- _Provided material_:

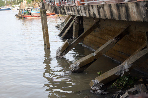 Các chân trụ bêtông đỡ hành lang căn nhà ven sông bị đuôi phà va gãy |
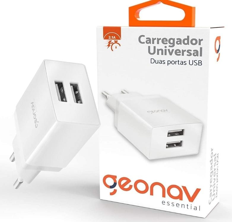 Carregador de Parede Universal 2.1A, 2 portas USB, Bivolt, Branco, ESACW2, Geonav
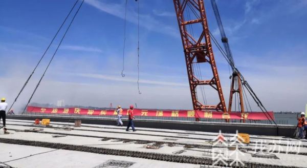 元荡桥工程由苏州吴江区和上海青浦区分别立项审批,上海青浦区负责组织实施。桥梁全长180米,采用复古设计,双向四车道及非机动车道和人行道,桥梁全宽28.5米。本次元荡桥的顺利合龙,标志着长三角一体化融合发展第一个互联互通工程中的关键节点按预期完成目标任务,实现了两地群众多年的盼望。

- _Problem_: Copy out every line above, word for word, minus images.

- _Reply_:
 Các chân trụ bêtông đỡ hành lang căn nhà ven sông bị đuôi phà va gãy |
 Carregador de Parede Universal 2.1A, 2 portas USB, Bivolt, Branco, ESACW2, Geonav
 元荡桥工程由苏州吴江区和上海青浦区分别立项审批,上海青浦区负责组织实施。桥梁全长180米,采用复古设计,双向四车道及非机动车道和人行道,桥梁全宽28.5米。本次元荡桥的顺利合龙,标志着长三角一体化融合发展第一个互联互通工程中的关键节点按预期完成目标任务,实现了两地群众多年的盼望。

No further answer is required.